> [Assignment]
Retype, without pictures, the line holding "Ez a 3 részes" and each line below it through the final line.

> [Working data]
■ ■ ■

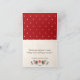 Önska dina gäster på bröllopet, familj och vänner en glad högtid och God Jul med detta eleganta och vackra tackkort med en formell, vintage och antik gammaldags känsla. Frostiga kottar, akvarell- och målad look rosa, röda och vita julrosor och blommor, snöiga ekollon och järnekullar bildar en vacker vinterkrans. Gulddekorer och guldlite hjärta och en röd bandbåge fullbordar den festliga looken på detta vintertema kort. Den övre insidan av kortet har ett rött och vitt prickigt hjärtmönster. Lägg till din signatur och speciella meddelande på insidan eller ta bort all text för att lämna utrymmena tomma om du vill skriva varje kort för hand. Konst © Chrissy H.
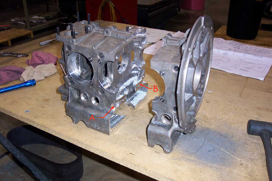 Before you cut: (IMG:style_emoticons/default/biggrin.gif) Leave excess material for finishing weld prep on both sides of crankcase. Prepare hollow steel shafts to locate both cam and crankshaft bores +.0005/-0.0002",longitudinal spacing can be accomplished by using case thru-bolts or cylinder spigots. This Type 1 case has been cut through the lifter bores,not good. The type 4 case must be cut to avoid critical areas and to facilitate ease of welding. The Corvair case has symmetrical attributes and a flat milled open top that allows reinforcement plates or a cam carrier to be attached. A great deal of thought and mapping must be done to attempt a +/-0.003 weldment,preheating and inert gas atmosphere enclosure to ensure top quality welds and alignment. An adventure in engine building,not mere assembly. (IMG:style_emoticons/default/happy11.gif) |
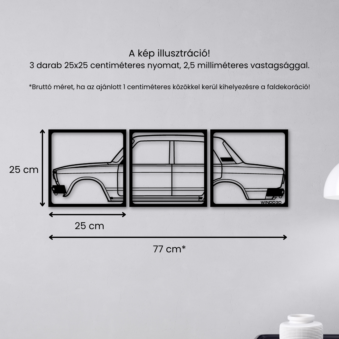 Ez a 3 részes autó sziluett faldekor azoknak készült, akik igazán karakteres és figyelemfelkeltő autós dekorációt keresnek. A több elemből álló kialakítás erőteljes, rétegzett hatást kelt, amely azonnal fókuszponttá válik bármely térben.
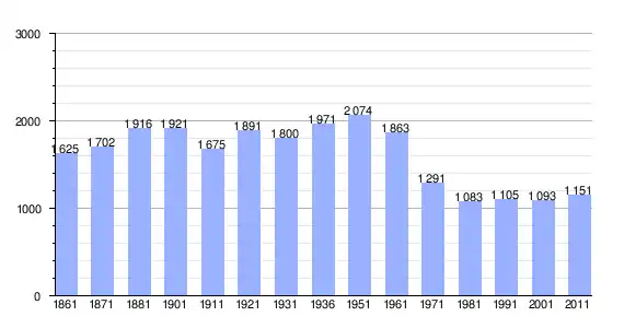 | Variação demográfica do município entre 1861 e 2011[3] |
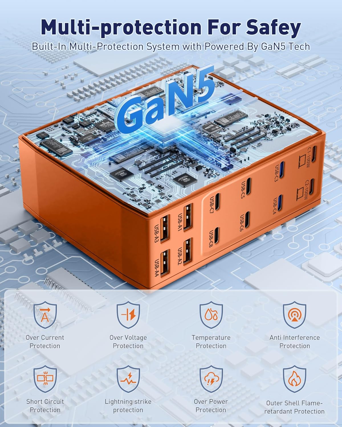 - 【12-in-1 USB C Charging Station】This 600W USB C Charger Block comes with 8 USB C ports and 4 USB A ports to charge multiple devices, simplify your charging setup, and let you experience the convenience of ultra-fast and ultra-high output charging. With its smart charging technology, it can automatically detect and provide the best power output for each connected device, ensuring fast and efficient charging.
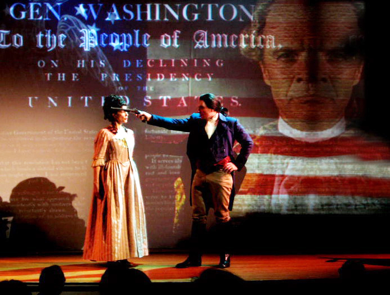 Using only Hamilton’s own words, the play brings his story to life through two live actors interacting with life-size video projections of figures such as Jefferson and Washington—creating a dynamic fusion of performance and technology.

■ ■ ■

> [Result of this exercise]
 Ez a 3 részes autó sziluett faldekor azoknak készült, akik igazán karakteres és figyelemfelkeltő autós dekorációt keresnek. A több elemből álló kialakítás erőteljes, rétegzett hatást kelt, amely azonnal fókuszponttá válik bármely térben.
 | Variação demográfica do município entre 1861 e 2011[3] |
 - 【12-in-1 USB C Charging Station】This 600W USB C Charger Block comes with 8 USB C ports and 4 USB A ports to charge multiple devices, simplify your charging setup, and let you experience the convenience of ultra-fast and ultra-high output charging. With its smart charging technology, it can automatically detect and provide the best power output for each connected device, ensuring fast and efficient charging.
 Using only Hamilton’s own words, the play brings his story to life through two live actors interacting with life-size video projections of figures such as Jefferson and Washington—creating a dynamic fusion of performance and technology.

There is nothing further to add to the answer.